- [Exercise description]: Reproduce verbatim all of the data given below, but do not carry over the images.

- [Source data]:
┌────────
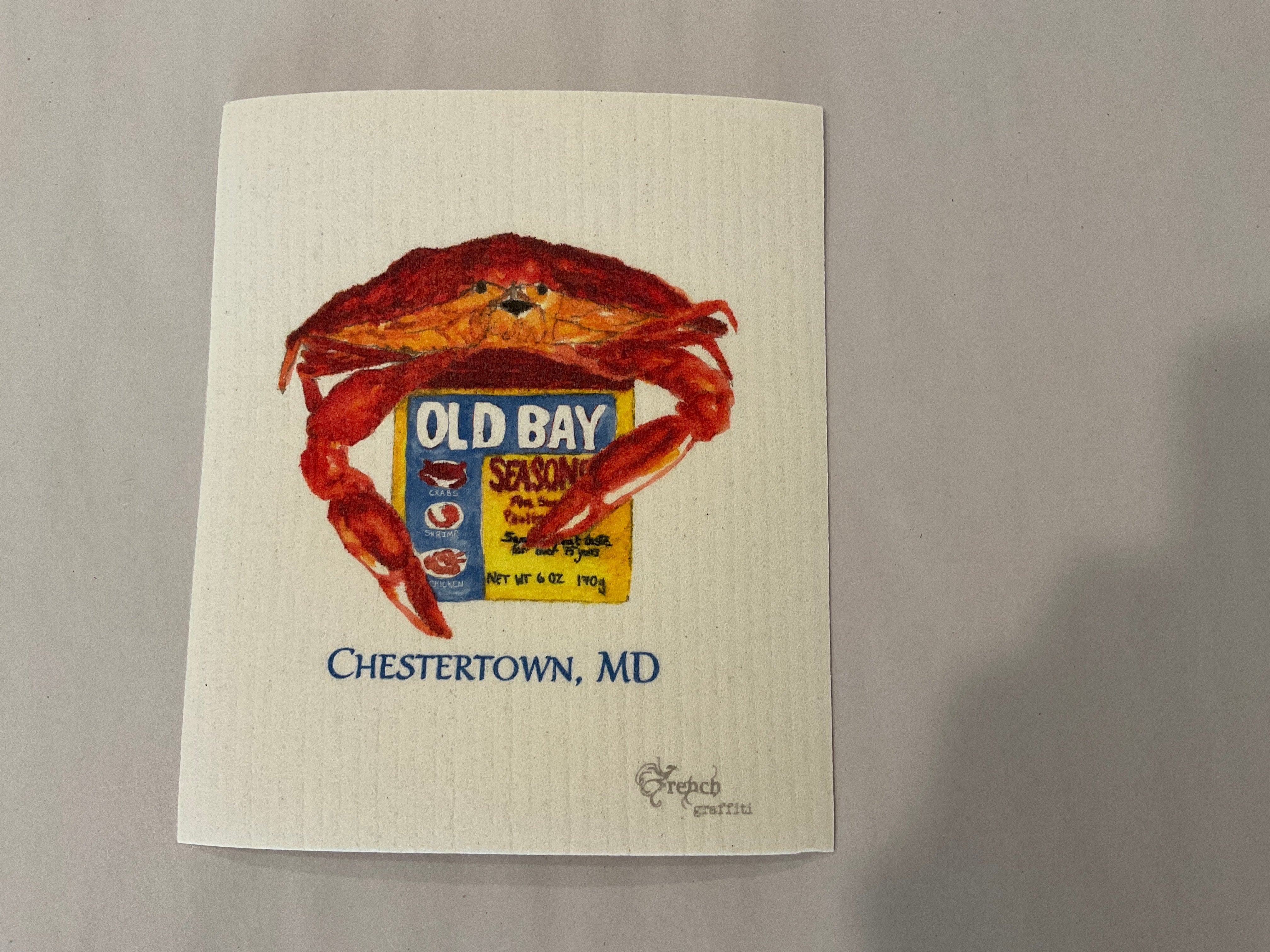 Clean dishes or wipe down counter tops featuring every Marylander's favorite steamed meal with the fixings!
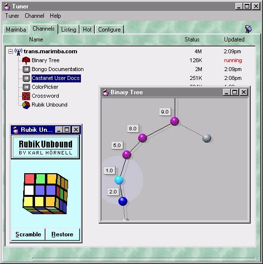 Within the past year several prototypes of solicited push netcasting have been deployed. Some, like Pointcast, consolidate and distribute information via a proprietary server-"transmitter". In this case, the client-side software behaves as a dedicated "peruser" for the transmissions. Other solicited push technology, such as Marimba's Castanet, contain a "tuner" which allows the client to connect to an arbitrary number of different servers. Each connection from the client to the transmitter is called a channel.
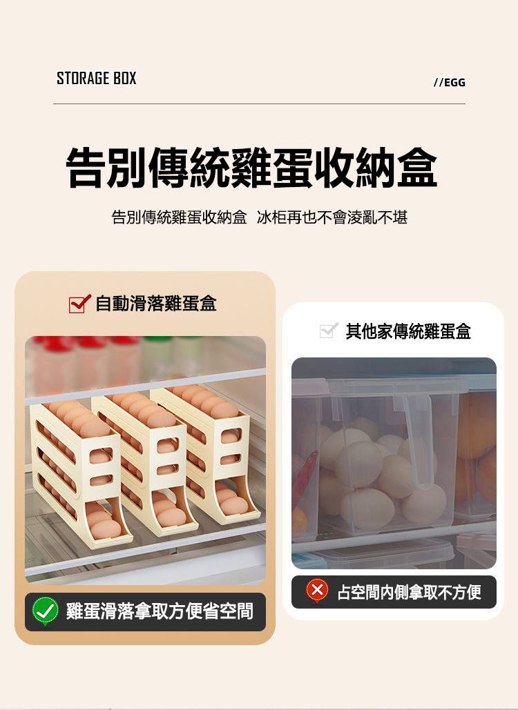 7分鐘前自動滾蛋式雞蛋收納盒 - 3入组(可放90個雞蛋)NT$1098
└────────
- [Exercise response]:
 Clean dishes or wipe down counter tops featuring every Marylander's favorite steamed meal with the fixings!
 Within the past year several prototypes of solicited push netcasting have been deployed. Some, like Pointcast, consolidate and distribute information via a proprietary server-"transmitter". In this case, the client-side software behaves as a dedicated "peruser" for the transmissions. Other solicited push technology, such as Marimba's Castanet, contain a "tuner" which allows the client to connect to an arbitrary number of different servers. Each connection from the client to the transmitter is called a channel.
 7分鐘前自動滾蛋式雞蛋收納盒 - 3入组(可放90個雞蛋)NT$1098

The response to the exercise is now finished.